# [Data excerpt]
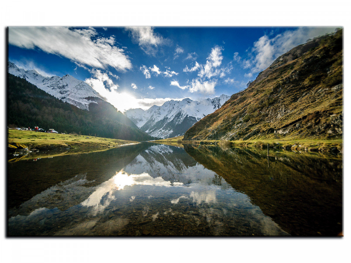 Ce tableau photo du lac d'Estaing apportera à votre décoration murale une touche de fraîcheur naturelle. Changez d'air avec ce tableau grand format déco et propulsez-vous en vacances entre les montagnes des Pyrénées. Ce tableau paysages offrira un air paisible à votre décoration murale. Donnez à vos pièces de vie une bouffée d'air frais avec ce tableau déco ensoleillé. Profitez des vacances toute l'année grâce à ce tableau coloré à la vue unique sur le lac et les montagnes.
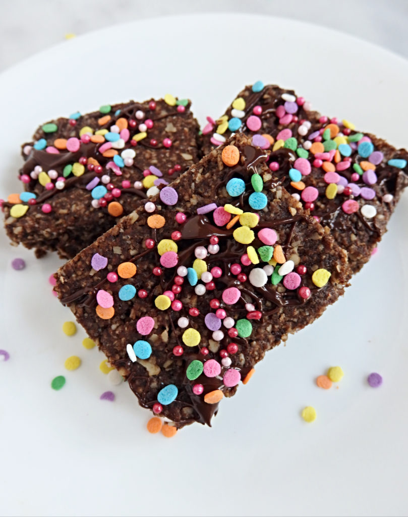 Yo los decoré con chispitas por el “mood” cumpleañero. Derretí un poco de chocoalte y luego agregué las chispas para que se viera muy festivo.
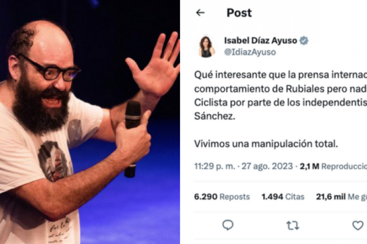 Pero este domingo, justo una semana después, Ayuso entró con todo en la polémica y mezcló a Rubiales con el independentismo: "Qué interesante que la prensa internacional se ocupe del impresentable comportamiento de Rubiales pero nadie denuncie el boicot a la Vuelta Ciclista por parte de los independentistas, los que negocian con Sánchez. Vivimos una manipulación total".
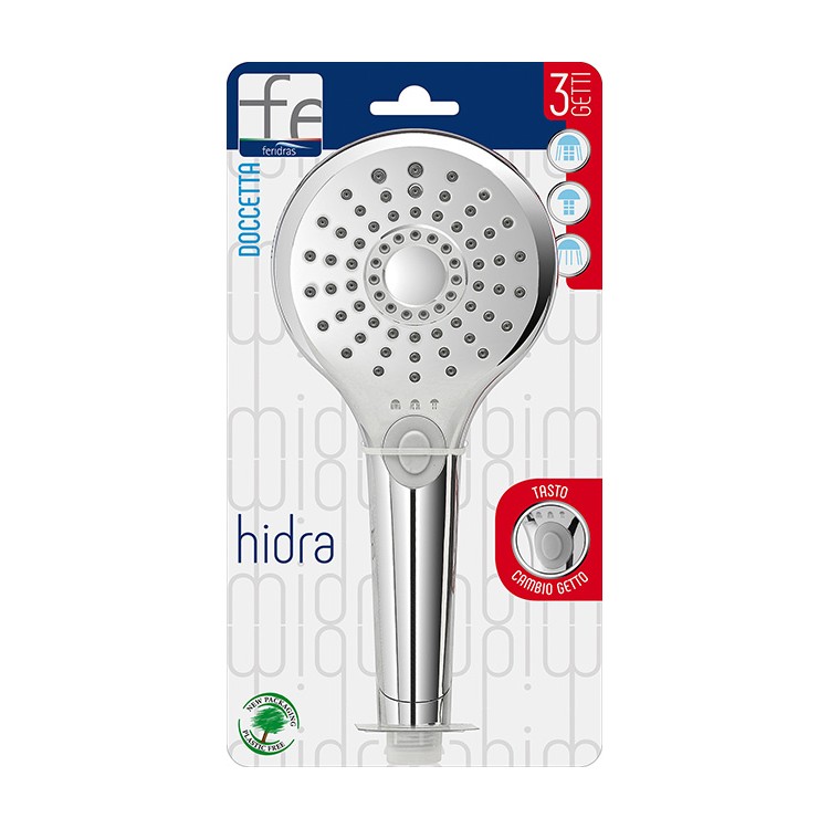 Die Feridras Handbrause aus der Linea Hidra bietet drei Strahlarten, von sanftem Regen bis kräftigem Massagestrahl, und sorgt so für ein individuelles und angenehmes Duscherlebnis.

# [Goal of the exercise]
The expected answer is the line with "Pero este domingo, justo" followed by every remaining line of the listing, each restated exactly, with all pictures dropped.

# [Exercise answer]
 Pero este domingo, justo una semana después, Ayuso entró con todo en la polémica y mezcló a Rubiales con el independentismo: "Qué interesante que la prensa internacional se ocupe del impresentable comportamiento de Rubiales pero nadie denuncie el boicot a la Vuelta Ciclista por parte de los independentistas, los que negocian con Sánchez. Vivimos una manipulación total".
 Die Feridras Handbrause aus der Linea Hidra bietet drei Strahlarten, von sanftem Regen bis kräftigem Massagestrahl, und sorgt so für ein individuelles und angenehmes Duscherlebnis.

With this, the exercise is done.